■ Exercise description ■
Among the entries below, extract exactly the lines that run from the one with "2-комн. квартира, 50,94 м²" through the one with "Recent work has", both ends included.

■ Materials provided ■

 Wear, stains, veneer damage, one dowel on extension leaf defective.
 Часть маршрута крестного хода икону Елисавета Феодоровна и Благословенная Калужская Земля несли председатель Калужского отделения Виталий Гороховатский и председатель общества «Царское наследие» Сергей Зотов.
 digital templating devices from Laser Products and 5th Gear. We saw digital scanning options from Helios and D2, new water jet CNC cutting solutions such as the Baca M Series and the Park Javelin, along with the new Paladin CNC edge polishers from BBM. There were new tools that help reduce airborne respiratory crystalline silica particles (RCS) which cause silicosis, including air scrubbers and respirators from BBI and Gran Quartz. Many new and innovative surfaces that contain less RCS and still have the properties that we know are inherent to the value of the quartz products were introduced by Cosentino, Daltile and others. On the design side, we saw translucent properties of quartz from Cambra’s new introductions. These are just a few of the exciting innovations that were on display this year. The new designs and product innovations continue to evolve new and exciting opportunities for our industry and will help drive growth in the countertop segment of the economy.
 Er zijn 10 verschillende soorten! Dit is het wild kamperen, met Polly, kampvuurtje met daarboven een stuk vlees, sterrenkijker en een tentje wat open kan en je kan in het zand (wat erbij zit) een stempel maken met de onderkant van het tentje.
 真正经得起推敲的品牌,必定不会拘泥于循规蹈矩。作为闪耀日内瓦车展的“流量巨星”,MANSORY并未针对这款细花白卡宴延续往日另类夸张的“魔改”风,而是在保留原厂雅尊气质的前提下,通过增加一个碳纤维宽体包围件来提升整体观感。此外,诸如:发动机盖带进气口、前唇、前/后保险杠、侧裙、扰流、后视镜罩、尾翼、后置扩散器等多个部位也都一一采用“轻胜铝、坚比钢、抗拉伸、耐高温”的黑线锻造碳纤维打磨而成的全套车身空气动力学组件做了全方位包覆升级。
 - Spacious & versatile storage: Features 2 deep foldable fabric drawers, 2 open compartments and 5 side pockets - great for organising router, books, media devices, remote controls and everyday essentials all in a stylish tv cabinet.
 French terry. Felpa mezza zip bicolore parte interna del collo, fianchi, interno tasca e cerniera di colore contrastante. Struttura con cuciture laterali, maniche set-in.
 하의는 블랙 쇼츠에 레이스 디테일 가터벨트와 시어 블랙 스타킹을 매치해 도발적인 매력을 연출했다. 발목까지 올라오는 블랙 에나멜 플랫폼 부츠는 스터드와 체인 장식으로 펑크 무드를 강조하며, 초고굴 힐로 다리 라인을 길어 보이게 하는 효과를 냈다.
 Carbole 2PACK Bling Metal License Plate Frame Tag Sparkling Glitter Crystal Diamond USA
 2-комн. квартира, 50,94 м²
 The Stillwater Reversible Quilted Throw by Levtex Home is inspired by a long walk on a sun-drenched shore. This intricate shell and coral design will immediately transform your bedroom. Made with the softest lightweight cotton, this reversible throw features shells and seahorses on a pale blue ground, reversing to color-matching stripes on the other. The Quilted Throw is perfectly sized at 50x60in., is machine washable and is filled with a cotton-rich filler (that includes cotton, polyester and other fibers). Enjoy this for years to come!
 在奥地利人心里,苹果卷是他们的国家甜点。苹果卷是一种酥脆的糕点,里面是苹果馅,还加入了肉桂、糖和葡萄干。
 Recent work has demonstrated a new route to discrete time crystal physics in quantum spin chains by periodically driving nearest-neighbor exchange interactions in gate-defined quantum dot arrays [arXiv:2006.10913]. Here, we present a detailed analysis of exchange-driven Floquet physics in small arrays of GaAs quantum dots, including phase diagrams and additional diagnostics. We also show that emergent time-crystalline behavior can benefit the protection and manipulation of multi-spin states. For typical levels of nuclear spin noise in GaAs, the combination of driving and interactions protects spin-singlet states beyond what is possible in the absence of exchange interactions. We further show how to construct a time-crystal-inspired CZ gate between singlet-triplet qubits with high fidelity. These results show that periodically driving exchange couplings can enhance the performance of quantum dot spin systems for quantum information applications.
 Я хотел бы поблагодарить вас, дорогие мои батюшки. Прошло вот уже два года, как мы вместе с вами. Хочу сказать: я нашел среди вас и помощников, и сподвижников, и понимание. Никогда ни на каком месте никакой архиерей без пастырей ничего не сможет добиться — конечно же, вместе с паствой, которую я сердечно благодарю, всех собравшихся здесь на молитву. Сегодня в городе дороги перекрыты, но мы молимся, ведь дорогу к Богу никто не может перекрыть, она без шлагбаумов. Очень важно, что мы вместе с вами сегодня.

■ Result for this exercise ■
 2-комн. квартира, 50,94 м²
 The Stillwater Reversible Quilted Throw by Levtex Home is inspired by a long walk on a sun-drenched shore. This intricate shell and coral design will immediately transform your bedroom. Made with the softest lightweight cotton, this reversible throw features shells and seahorses on a pale blue ground, reversing to color-matching stripes on the other. The Quilted Throw is perfectly sized at 50x60in., is machine washable and is filled with a cotton-rich filler (that includes cotton, polyester and other fibers). Enjoy this for years to come!
 在奥地利人心里,苹果卷是他们的国家甜点。苹果卷是一种酥脆的糕点,里面是苹果馅,还加入了肉桂、糖和葡萄干。
 Recent work has demonstrated a new route to discrete time crystal physics in quantum spin chains by periodically driving nearest-neighbor exchange interactions in gate-defined quantum dot arrays [arXiv:2006.10913]. Here, we present a detailed analysis of exchange-driven Floquet physics in small arrays of GaAs quantum dots, including phase diagrams and additional diagnostics. We also show that emergent time-crystalline behavior can benefit the protection and manipulation of multi-spin states. For typical levels of nuclear spin noise in GaAs, the combination of driving and interactions protects spin-singlet states beyond what is possible in the absence of exchange interactions. We further show how to construct a time-crystal-inspired CZ gate between singlet-triplet qubits with high fidelity. These results show that periodically driving exchange couplings can enhance the performance of quantum dot spin systems for quantum information applications.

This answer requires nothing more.